What new thing will I find to fill this space?

-A

Most of the time, when I've found the ability to open up to someone else about being addicted, that person has been wonderful, supportive, and helpful.

But there are a few things that still get said, both in person and online, that are... less then helpful, shall we say. Let's save some time and get them all out of the way at once.

Have you tried just...not using?

[Bright smile] Yes. Yes I have. Many times.

The best answer I've found is, “have you tried just...not being afraid of spiders?” Rationally you know that most spiders are harmless, but you keep going back to being afraid of them. With work you can get over that fear. This is similar.

Well, can't you just like, try harder?

Yep! That is definitely part of it. But that's just part of it and I've only got so much strength on my own. Which is why I'm seeking help and trying to fight smarter, not just harder. The hard part about “trying harder” is how hard it is.

You can't be addicted to that! It's not addictive!

This one is very common in online forums. And it's really rough.

A therapist I worked with for a while told me about this one. She said that she's heard people say “you can't get addicted to that!” in reference to just about every addiction, and it usually comes from one of three places:

  1. The person is also addicted, and is still in denial about their addiction. They're in the “I can stop any time I want” phase. They want to believe that you can't be addicted, because then they can tell themselves they aren't.
  2. The person is one of those lucky people who just doesn't seem to get addicted. There are people who can partake “socially” or from time to time and they just...don't get hooked. I am intensely jealous of these people. I'm trying not to be.
  3. The person has never really dealt with any addiction, and in their mind “addiction” means being a strung out junkie like in 1980's “very special episodes”. In their mind, if you don't snort/inject it, it's not addictive. If I am interacting with this person for real (not just on an online forum) I might spend some time explaining a more realistic model of what addiction is (like in my introduction) But most of the time I just shrug and try not to let my mood collapse.

Do you actually like that? (Alternately “how could you like that?”)

No, I absolutely hate it.

Except for in those moments when it's literally all I can think about and I would gladly trade something unimportant—my arms and legs, say—to use again. When I do relapse I like it right up to the moment the hook it provides starts to fade. Then I hate it again, but now I also hate myself for giving in! Fun!

(A big part of recovery programs is getting over the self-hatred part because it's amazingly detrimental. Feeling like a bad person inevitably leads to a “binge”. Learning to accept yourself and stand up and try again is more likely to lead to success. Or so I have been told.)

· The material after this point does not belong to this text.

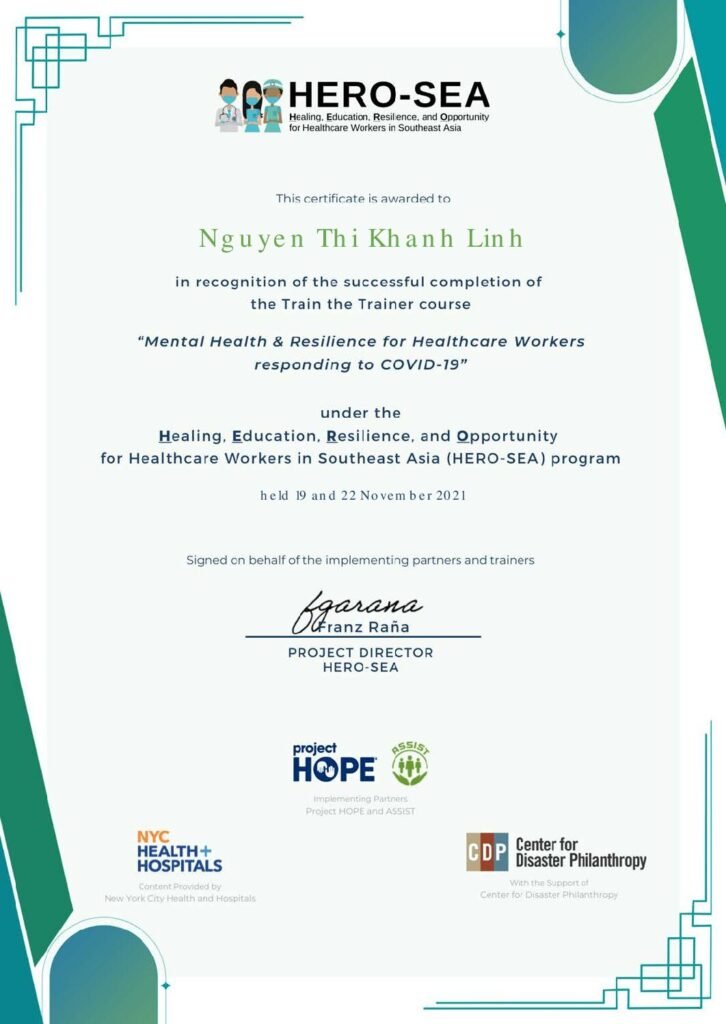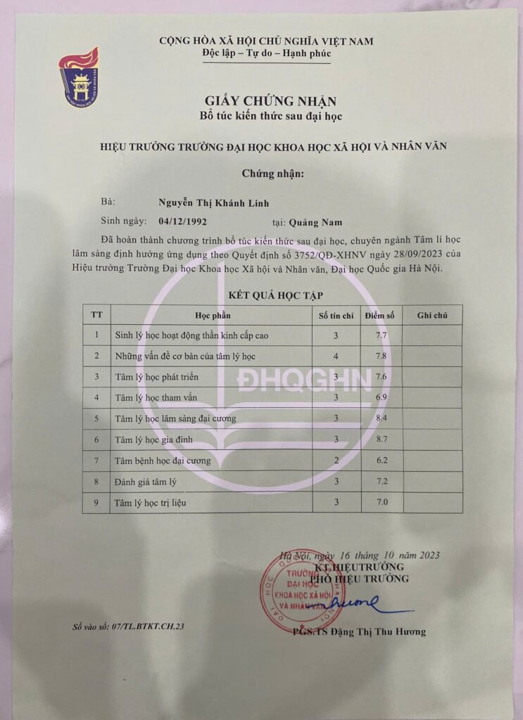 - 4/2023 – 9/2023: Trường Đại học Khoa học Xã hội và Nhân văn – Chương trình đào tạo sau đại học ngành Tâm lý lâm sàng

Some Helpful Things to Say

There are some good things you can say. They can be uncomfortable because, well, this is an uncomfortable topic. But here's some of the best:

Wow, that sounds rough.

Thank you! It really can be.

I'm not judging you.

Seriously, please say this if you know someone who is struggling to get free. I promise you they're judging themselves to pieces. It's an awkward thing to say, but bite the bullet and say it. Please.

Listen, if you ever need to talk, like, even at 2AM, just call or even just text, okay? I'm here for you.

You'll have to say this a few dozen times. But if you have the strength to make the offer it will mean the world to them. At some point they might just need it and you will have saved them.

Do you have the help you need? Is there a professional or someone you can call or something?

You don't have to take on an addict's problems yourself. There is support, and just encouraging them to find it is a major help.

Do you want to go get some lunch? I'm starving.

Let them know that you still accept them, still want to hang out, still think of them as a person, not a problem.

It takes a lot of strength to say any of these things. I know, I get it. All I can say is that any little bit of understanding helps immensely.

Thanks for reading, I appreciate it.